- French: Genèse
- Directed by: Philippe Lesage
- Written by: Philippe Lesage
- Produced by: Galilé Marion-Gauvin
- Starring: Théodore Pellerin Noée Abita Pier-Luc Funk
- Cinematography: Nicolas Canniccioni
- Edited by: Mathieu Bouchard-Malo
- Production company: Productions l'Unite Centrale
- Release date: August 5, 2018 (Locarno);
- Running time: 129 minutes
- Country: Canada
- Language: French

= Genesis (2018 Canadian film) =

Genesis (Genèse) is a Canadian drama film, directed by Philippe Lesage and released in 2018. The film stars Théodore Pellerin and Noée Abita as Guillaume Bonnet and Charlotte, teenage half-siblings simultaneously struggling with romance; Charlotte is in a relationship with Maxime (Pier-Luc Funk), but is reeling from his proposal that they change to an open relationship, while Guillaume is a student at an all-boys boarding school who is developing a romantic and sexual attraction to his classmate Nicolas (Jules Roy Sicotte).

The cast also includes Paul Ahmarani, Rose-Marie Perreault, Jean-Simon Leduc, Amaryllis Tremblay and Mylène Mackay. The film also includes a segment which shifts to focus on the story of Félix (Édouard Tremblay-Grenier), the lead character of Lesage's 2015 film The Demons (Les Démons).

The film premiered at the Locarno Festival in the International Competition.

==Awards==
The film has won numerous awards including the Golden Wolf at the Festival du nouveau cinéma, Best Film and Best Director Awards at Seminci in Valladolid (Spain) and Best Film at Los Cabos International Film Festival (Mexico) festivals.

The film received an honorable mention for the Best Canadian Film award at the 2018 Vancouver International Film Festival. In December 2018, the Toronto International Film Festival named the film to its annual year-end Canada's Top Ten list.
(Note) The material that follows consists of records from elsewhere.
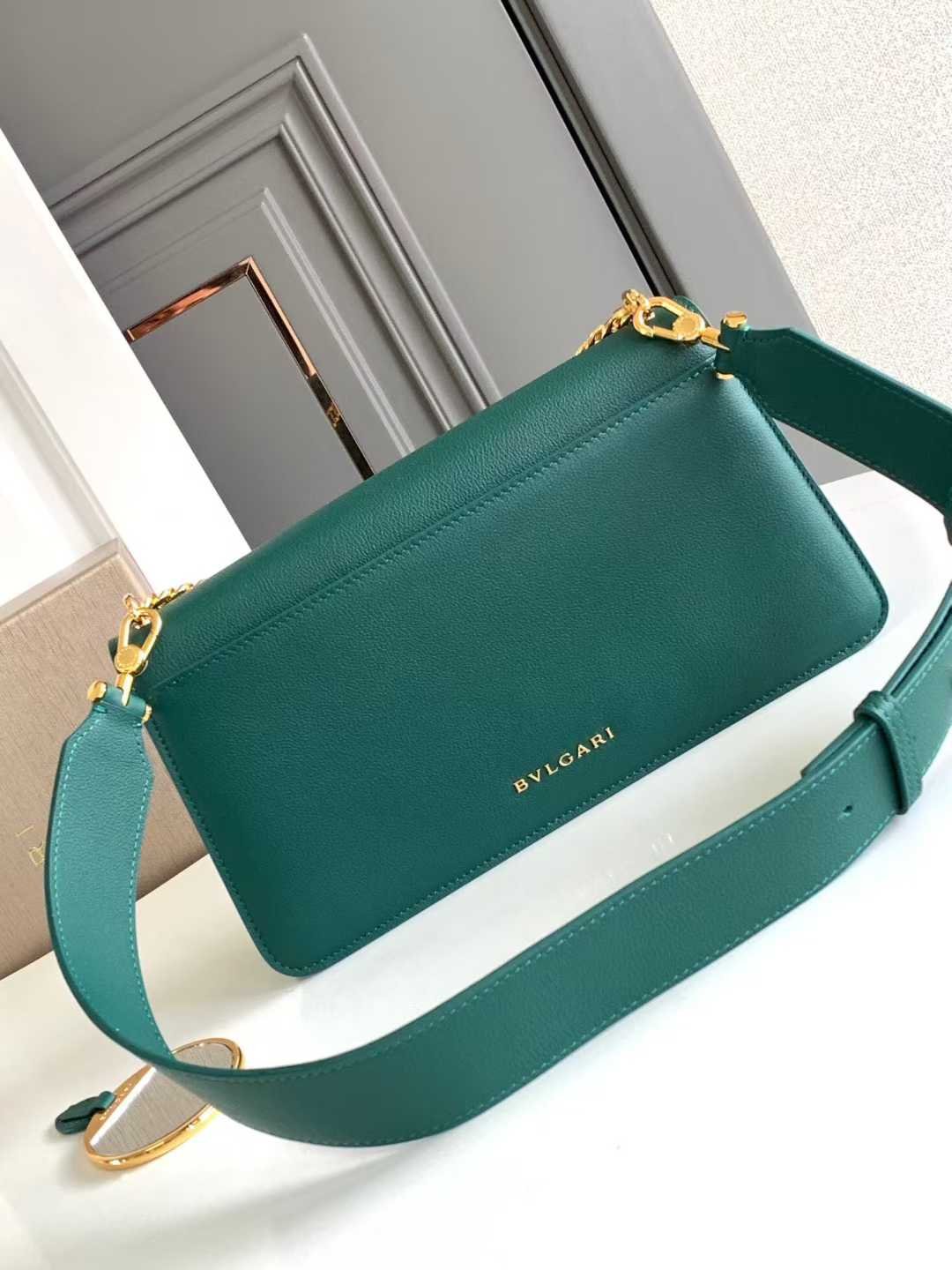 Made of forest jade green grain patterned calf leather material
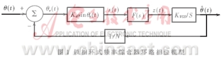 典型的分頻式鎖相環(huán)路包括檢相器(PHD)、電壓控制振蕩器(VCO)、環(huán)路濾波器(LPF)和可編程數(shù)字分頻器(1/N)。圖1是最簡易的鎖相式頻率合成器的相位模型圖。一個高精度穩(wěn)定參考信號fi輸入至檢相器,與1/N分頻后的電壓控振蕩信號f0/N檢相,產(chǎn)生一個電平隨兩個信號之間的相位的偏差而變化的誤差電壓。經(jīng)過濾波后誤差信號作為電壓控制振蕩器的控制電壓,使得壓控振蕩器輸出f0=Nfi。鎖相環(huán)具有高穩(wěn)定度,一旦完成相位鎖定,環(huán)路將會無限時保持鎖定狀態(tài)。如果電壓控制振蕩器頻率發(fā)生偏移,就會導(dǎo)致控制電壓發(fā)生變化,而這種變化又使得整個環(huán)路再重新回到鎖定狀態(tài)。同時由于分頻式設(shè)計,f0的抖動Δf經(jīng)N次分頻后到達檢相器,也降低了對VCO的穩(wěn)定性要求。通過改變分頻器分頻比,可以鎖相倍頻在不同的頻率上。分頻鎖相倍頻具有諸多優(yōu)點,在高頻率微波信號發(fā)生器設(shè)計中廣泛應(yīng)用。
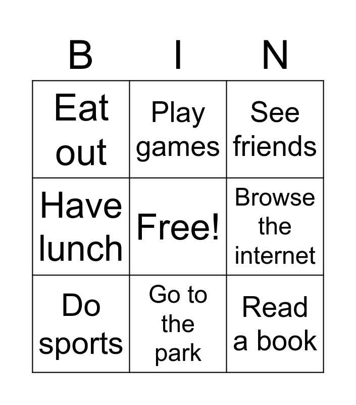 This bingo card has a free space and 15 words: See friends Eat out Go to the park Read a book Relax Work out Browse the internet Get up Go to school Have lunch Do sports Play games, Do the homework, See friends, Eat out, Go to the park, Read a book, Relax, Work out, Browse the internet, Get up, Go to school, Have lunch, Do sports, Play games and Do the homework.

Genesis received three Canadian Screen Award nominations at the 7th Canadian Screen Awards, for Best Picture, Best Original Screenplay (Lesage) and Best Supporting Actor (Ahmarani). It also received five Prix Iris nominations at the 21st Quebec Cinema Awards, for Best Film, Best Actor (Pellerin), Best Supporting Actor (Funk), Best Editing (Mathieu Bouchard-Malo) and Best Make-Up (Dominique T. Hasbani).